To preserve soul-freedom, a citizen should only be made exempt from legislation when that legislation dictates that he or she must act against a central aspect of their faith or world-view. To be exempted, a claimant would need to demonstrate that legislation substantially burdens a sincerely held belief; they would also need to show that this belief plays an important role in guiding their community or tradition. Furthermore, a government should be able to compel citizens to go against their consciences when the government can demonstrate that it has a clear, compelling interest in doing so. Every government has a clear and compelling interest in upholding its criminal code, for example, or to collect taxes.
This does not open the door to anarchy. The law could not tolerate religious behaviour which undermined religious freedom: that is, it need not tolerate behaviour which is wilfully absurd or which prevents individuals from pursuing the truth without fear of harassment; furthermore, the government would have a compelling interest to intervene if any subsection of society faced widespread discrimination. But there is no compelling state interest in forcing religious citizens to provide goods and services which promote or condone beliefs they strongly disagree with; especially when asking a customer to seek the goods or services elsewhere does not create a substantial burden for the customer.
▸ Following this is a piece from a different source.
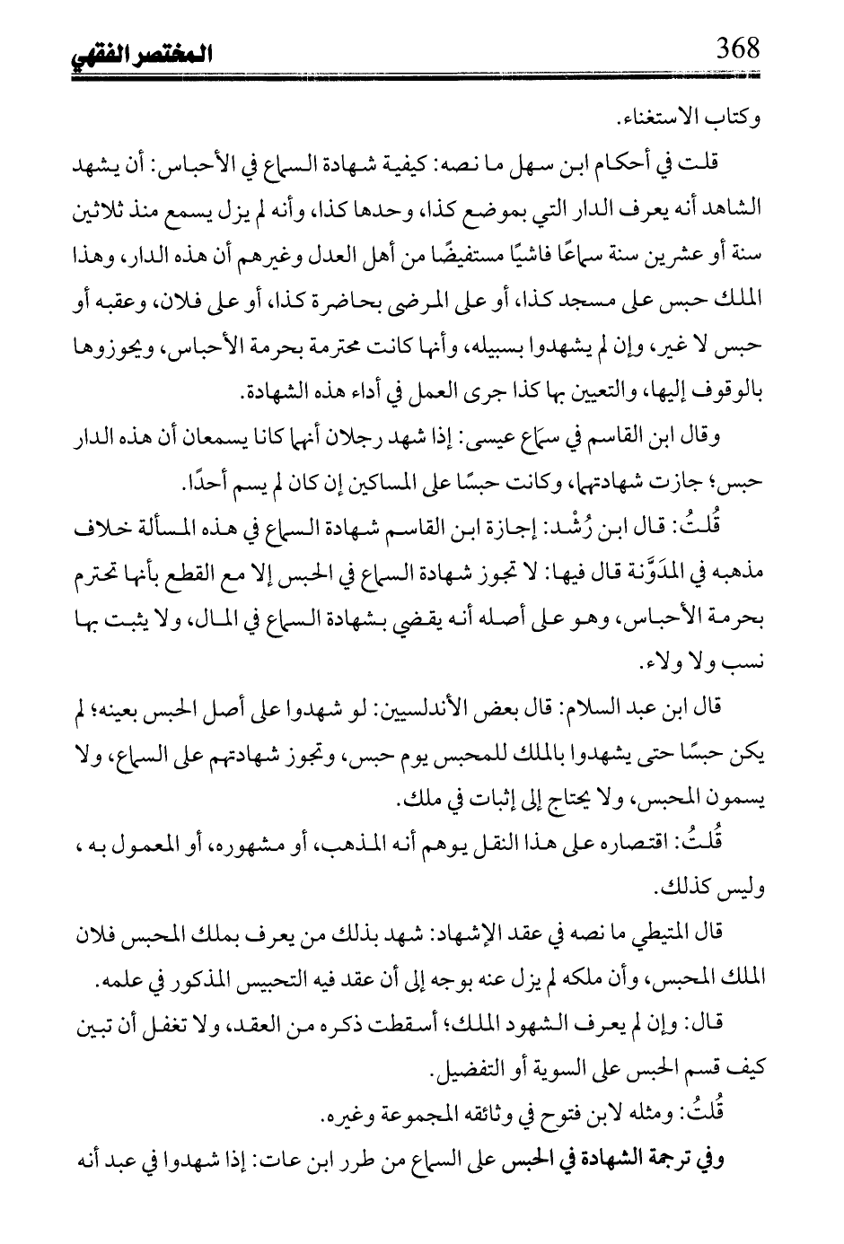 قلت في أحكام ابن سهل ما نصه: كيفية شهادة السماع في الأحباس: أن يشهد الشاهد أنه يعرف الدار التي بموضع كذا، وحدها كذا، وأنه لم يزل يسمع منذ ثلاثين سنة أو عشرين سنة سماعاً فاشياً مستفيضاً من أهل العدل وغيرهم أن هذه الدار، وهذا الملك حبس على مسجد كذا، أو على المرضى بحاضرة كذا، أو على فلان، وعقبة أو حبس لا غير، وإن لم يشهدوا بسبيله، وأنها كانت محترمة بحرمة الأحباس، ويحوزوها بالوقوف إليها، والتعيين بها كذا جرى العمل في أداء هذه الشهادة.
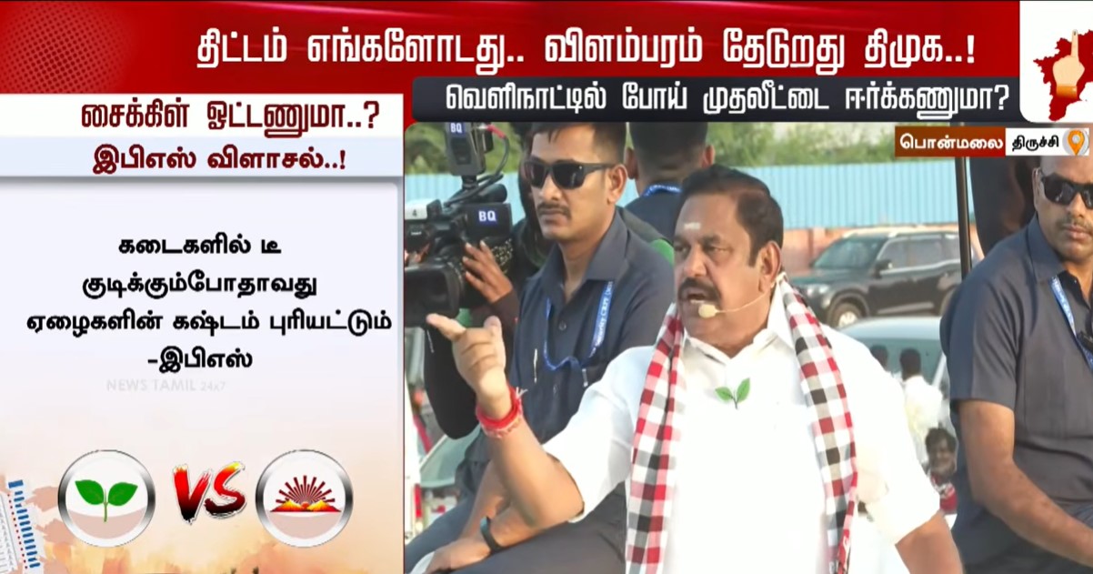 திருச்சி பொன்மலையில் அதிமுக மற்றும் அதன் கூட்டணி கட்சி வேட்பாளர்களை ஆதரித்து பிரச்சாரம் மேற்கொண்ட இபிஎஸ், தொழில் முதலீட்டை ஈர்க்கப்போகிறேன் எனக்கூறிவிட்டு வெளிநாட்டில்போய் சைக்கிள் ஓட்டுவதற்குதான் மு.க.ஸ்டாலின் முதலமைச்சர் ஆனாரா? எனவும் கேள்வி எழுப்பினார். மேலும், அவர் பேசியதாவது;

We’ve simply outlined the sort of society we would like to live in: one governed by a principled pluralism and not by a theocratic tyranny or secularist bureaucracy. We merely wish that some room must be made for deep religious and philosophical disagreement in a civil society. We’re not concerned with party politics or electioneering at Saints and Sceptics (nor are we interested in forming a “moral majority”).
But a reasonable person can doubt that secularization is progressive, universal and inevitable. Humans naturally seek meaning and transcendence, community and belonging. For that reason, religion will always be part of human experience. The arguments for the rationality Christian faith are (at least) as good as those against it. Modernity was meant to lead to the death of religion; it has certainly led to the growth of the “non-religious”. However, across the globe, orthodox religion is thriving; even in the academy, religious scholars remain as accomplished as their secular peers. Secularization is stumbling; it would be a shame if secularism became more strident and unforgiving in response.